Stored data
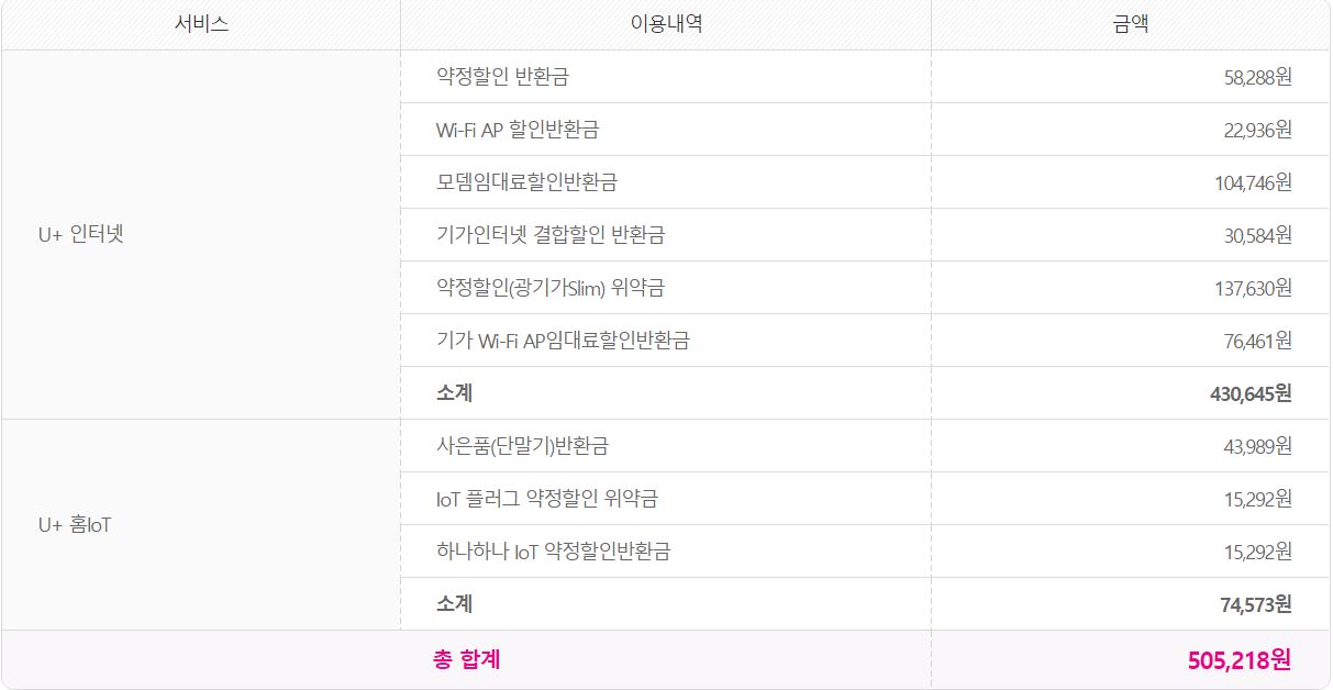 인터넷과 IoT뿐인데 위약금이 많이나와 저도 깜짝 놀랬습니다만..!
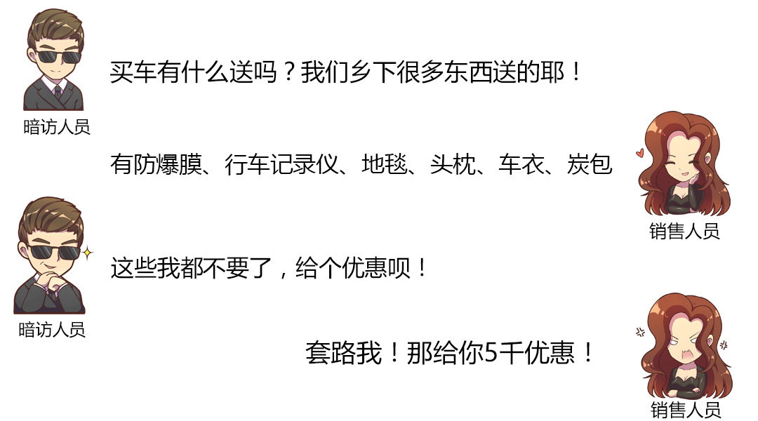 从上图中我们可以看到除了一些常规的保险费用以外,多了一项综合服务费的收费项目。经过我们向销售咨询,该项服务费主要包括:PDI检测费、洗车费等一些杂费。听完销售跟我们详细的讲解后,内心是这样的......
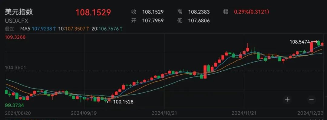 其他市场方面,美元指数维持高位震荡,截至发稿时,美元指数上涨0.29%,报108.1529。纽约商品交易所的黄金期货价格小幅下跌0.46%,白银期货价格则小幅上涨0.57%。
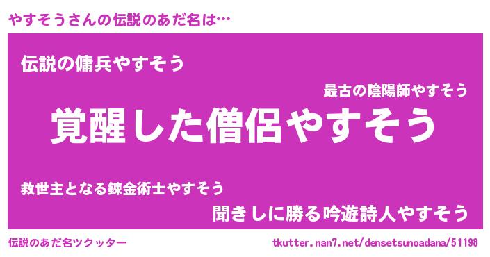 | ヒーロー風カッコイイあだ名 | 『炎刃騎士ヤス』『スーパーヤスソウ』 |
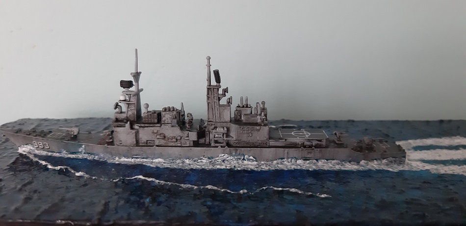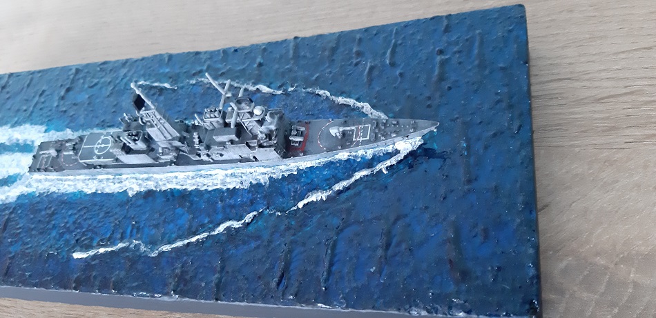 Ukończyłem budowe modelu wyżej wymienionego. Spasowanie bardzo dobre, klejenie czysta przyjemność (tamiya extra thin+revell contacta). Malowane było pierw podkładem w sprayu, potem bazowy pędzelkiem, lakier połysk w sprayu, kalki (tamka mark fit), połysk, wash, mat w sprayu wash do pokładu i na koniec znowu lakier matowy. Jako podstawkę posłużył mi odpad płyty wiórowej, oklejona balsą, by zamaskować strukturę płyty, przed malowaniem pokryłem górną część szpachlą do drewna. Do imitacji wody posłużyły mi farby akrylowe (modelarskie jak i dla plastyków) i efekty AK i still water vallejo. Z efektu jestem zadowolony choć jestem świadom, że dało się to zrobić lepiej. Ale biorąc pod uwagę, że jest to dopiero moja 2 dioramka morska w życiu i 3 plastikowy okręt z kolei myślę, że jest ładnie.
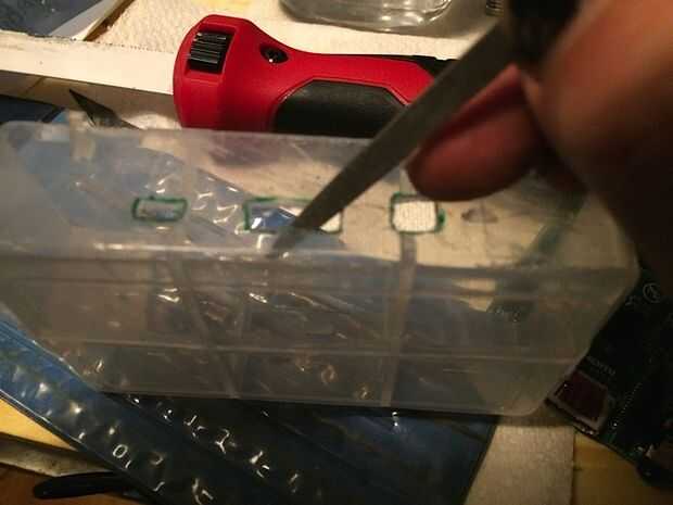 Fui pasante y archivos los bordes de los agujeros del puerto. El método de cuchillo caliente de cortar plástico no hace cortes recto limpio.
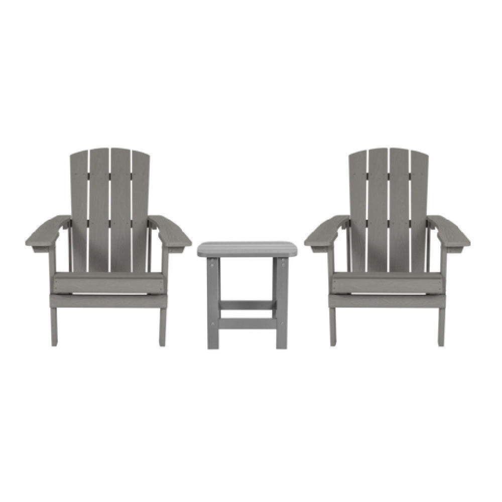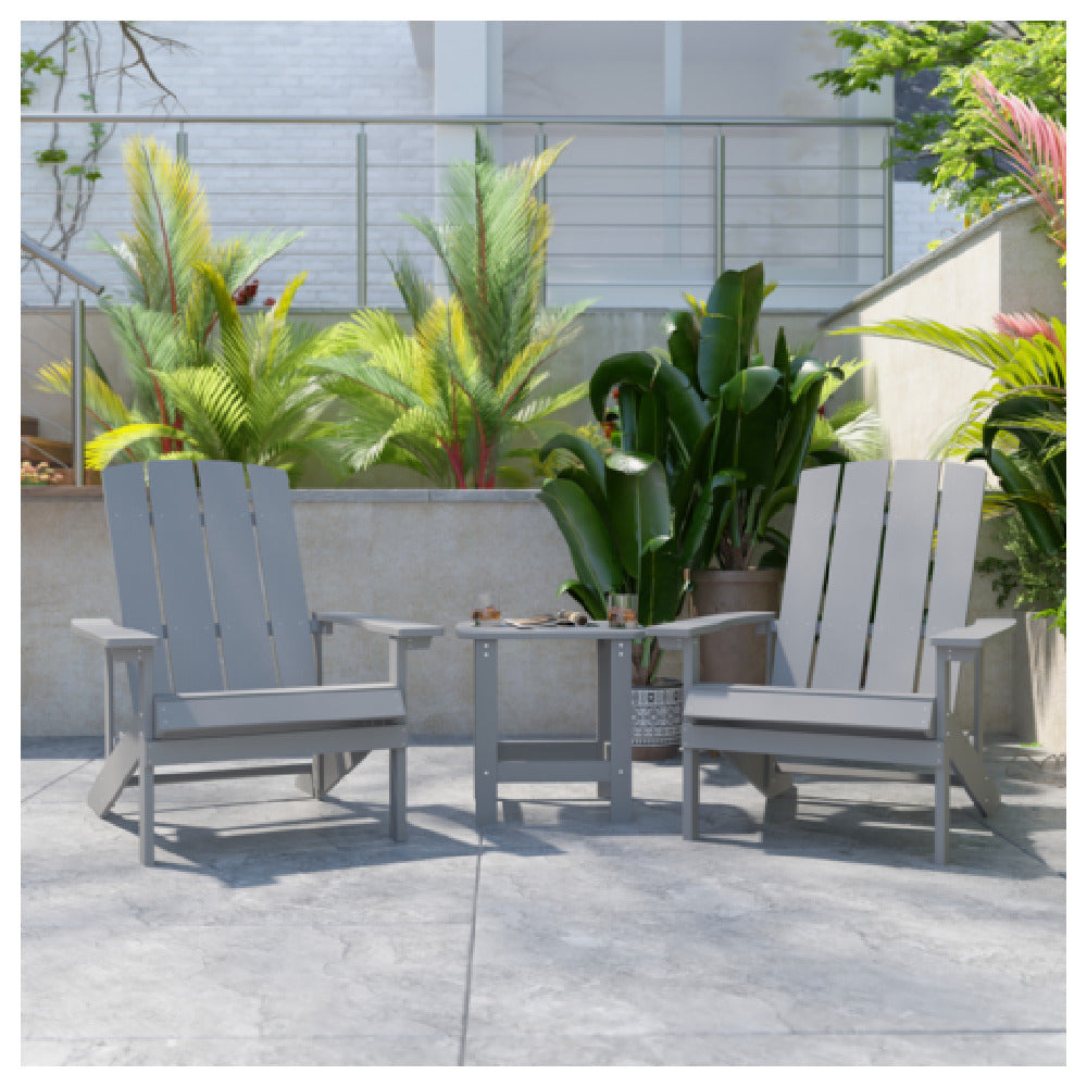Flash Furniture JJ-C14501-2-T14001-GY-GG Charleston Adirondack Chairs With Side Table - 1/Set
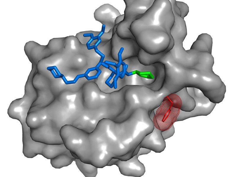 Der SAFit-Ligand (blau und grün) ist ein hoch selektiver Hemmstoff von FKBP51 (grau), einem Risikofaktor für stressbedingte psychiatrische Erkrankungen. Durch die Anlagerung von SAFit ändert sich die Ausrichtung einer Seitenkette des FKBP51 Proteins (rot). Dies ist bei dem sehr ähnlichen funktionalen Gegenspieler FKBP52 nicht möglich. [weniger]
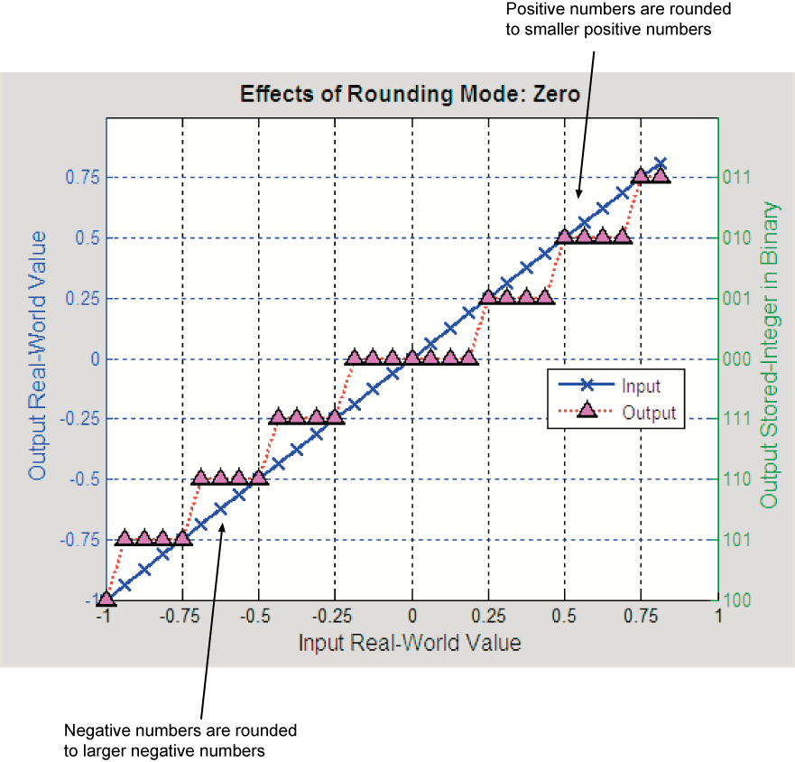 Округление в сторону нуля - самый простой режим округления в вычислительном отношении. Все цифры, превышающие требуемый номер, отбрасываются. Округление в сторону нуля приводит к числу, величина которого всегда меньше или равна более точному исходному значению. В программном обеспечении MATLAB ® можно округлять до нуля с помощью fix функция.
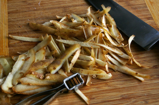 Fertilizer preparation according to this principle involves short-term infusion of the peel in water and further processing of raw materials into a homogeneous mass. Potato peelings are washed with water, then scalded with boiling water to remove possible harmful organisms. They are then dried and stacked tightly in large glass jars or food grade plastic buckets.
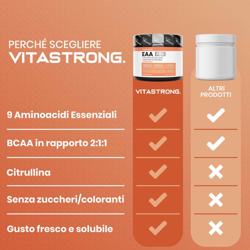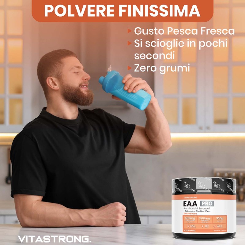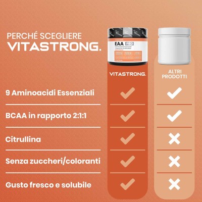 Vitastrong EAA Pro è ideale per chi pratica sport intensi e cerca un prodotto completo per ottimizzare le prestazioni. Perfetto per atleti, bodybuilder o chiunque voglia favorire la crescita muscolare e migliorare il recupero post-allenamento.
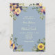 Elégant, moderne, rustique, botanique, bleu poussiéreux faire-part de mariage aux fleurs vertes aquarelles, tournesols jaunes et verdure.
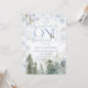 EDITABLE Blue Winter Onederland Forest Snowfall 1st Birthday Invitation
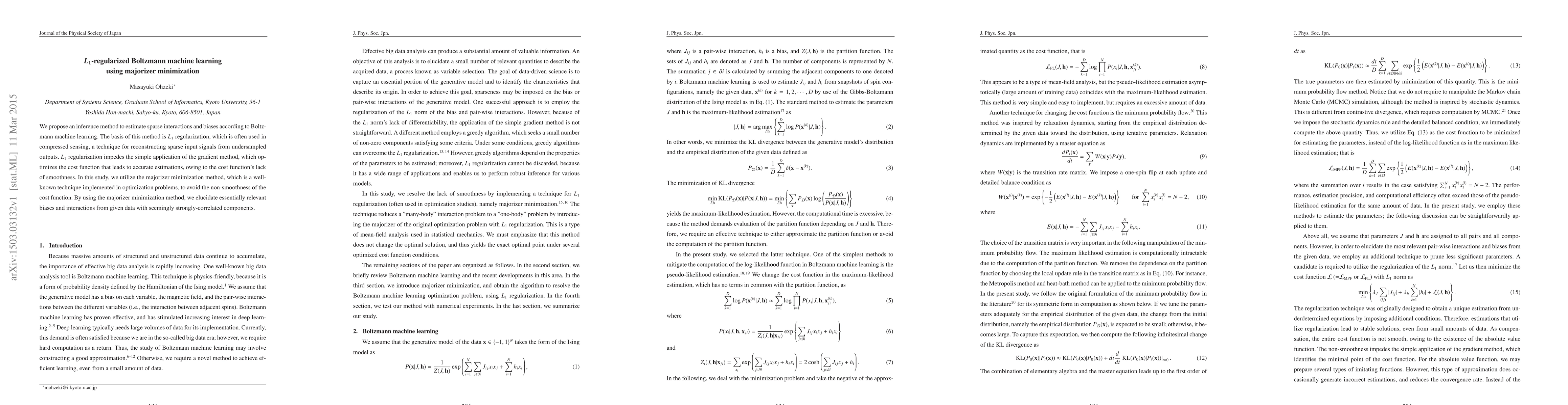 This paper proposes an $L_1$-regularized inference method for Boltzmann machine learning that estimates sparse interactions and biases. It uses majorizer minimization to address the non-smoothness of the cost function, enabling the identification of essential biases and interactions from data with strongly correlated components.
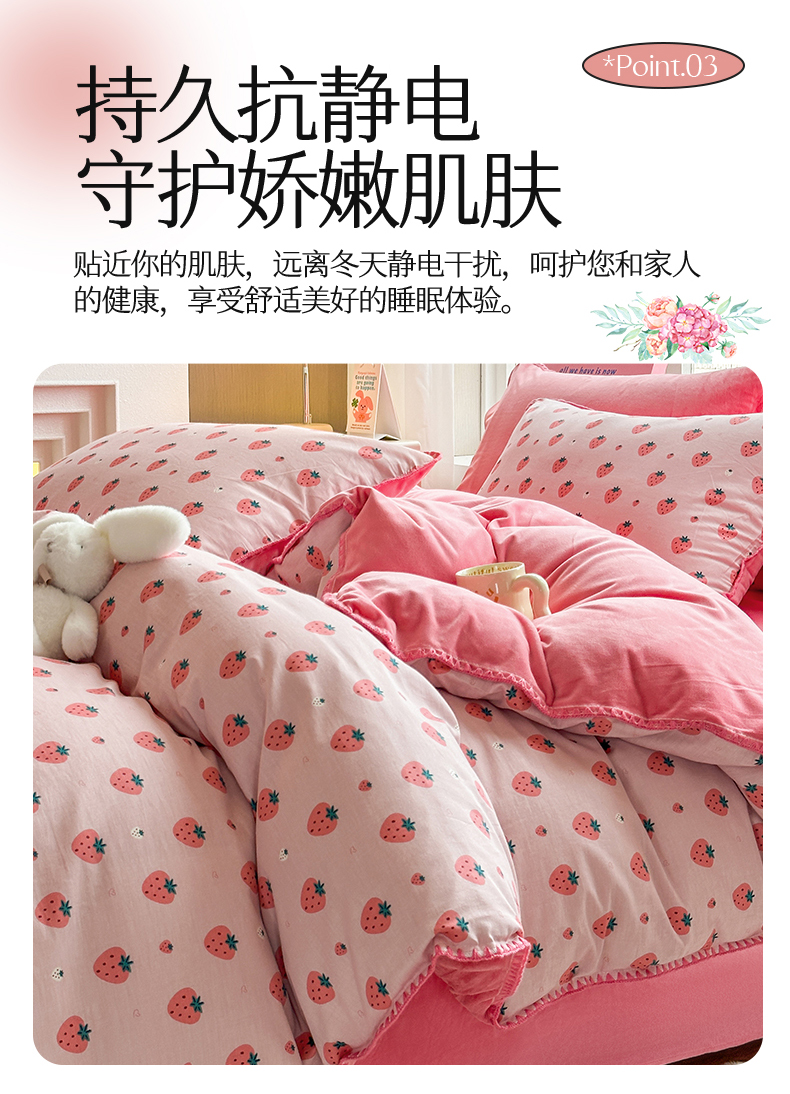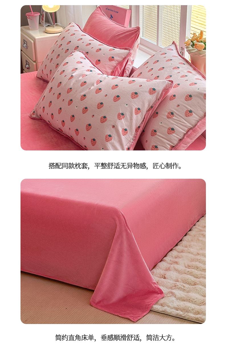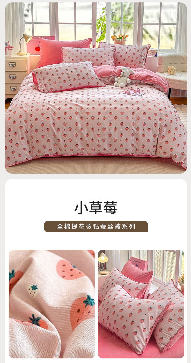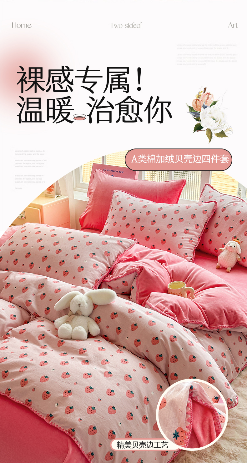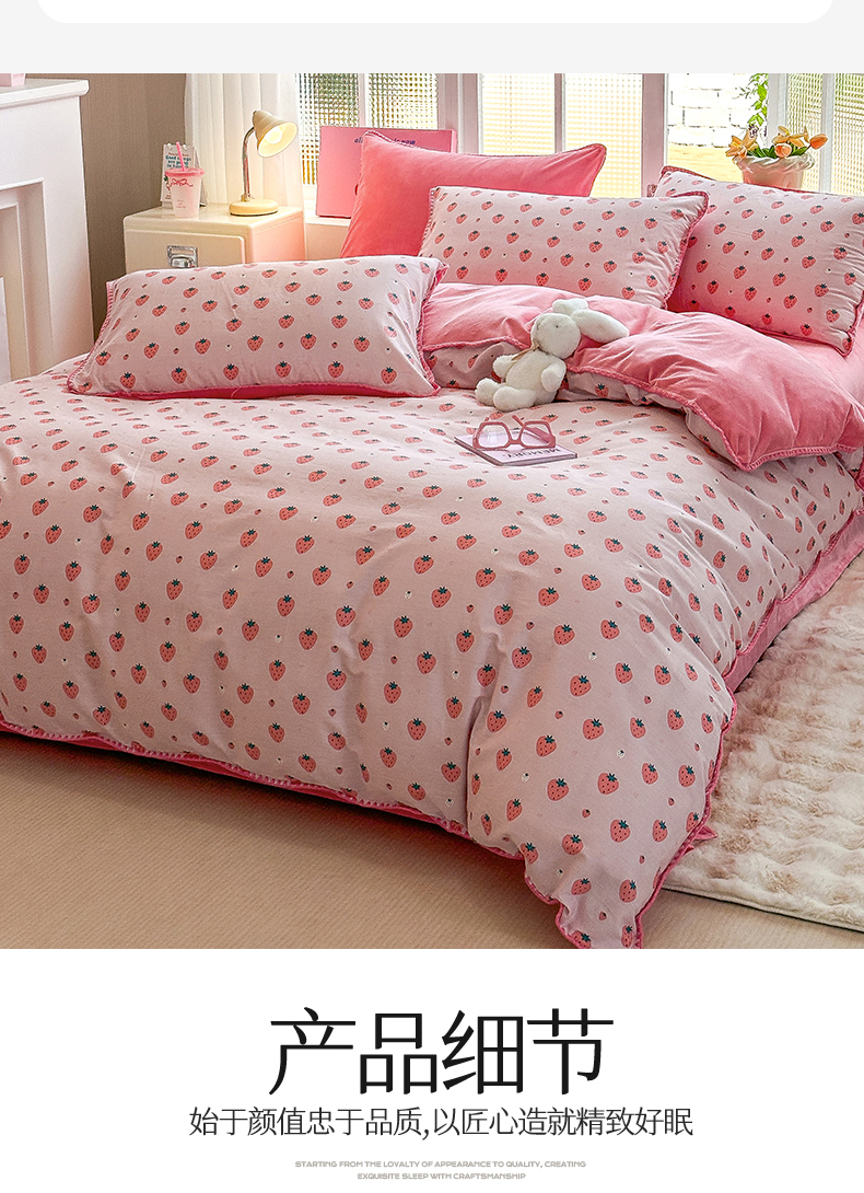 当前位置: 91家纺网 > 商品网购 > 床品套件 > 四件套 > 牛奶绒四件套 > 2025新款三角针贝壳边棉加牛奶绒工艺款四件套 小草莓

**REQUIREMENT**
In the records above, find the line containing "ヒーロー風カッコイイあだ名 | 『炎刃騎士ヤス』『スーパーヤスソウ』 |" and output every line from the first through that one, exactly, omitting pictures.

**ANSWER TO THE EXERCISE**
 인터넷과 IoT뿐인데 위약금이 많이나와 저도 깜짝 놀랬습니다만..!
 从上图中我们可以看到除了一些常规的保险费用以外,多了一项综合服务费的收费项目。经过我们向销售咨询,该项服务费主要包括:PDI检测费、洗车费等一些杂费。听完销售跟我们详细的讲解后,内心是这样的......
 其他市场方面,美元指数维持高位震荡,截至发稿时,美元指数上涨0.29%,报108.1529。纽约商品交易所的黄金期货价格小幅下跌0.46%,白银期货价格则小幅上涨0.57%。
 | ヒーロー風カッコイイあだ名 | 『炎刃騎士ヤス』『スーパーヤスソウ』 |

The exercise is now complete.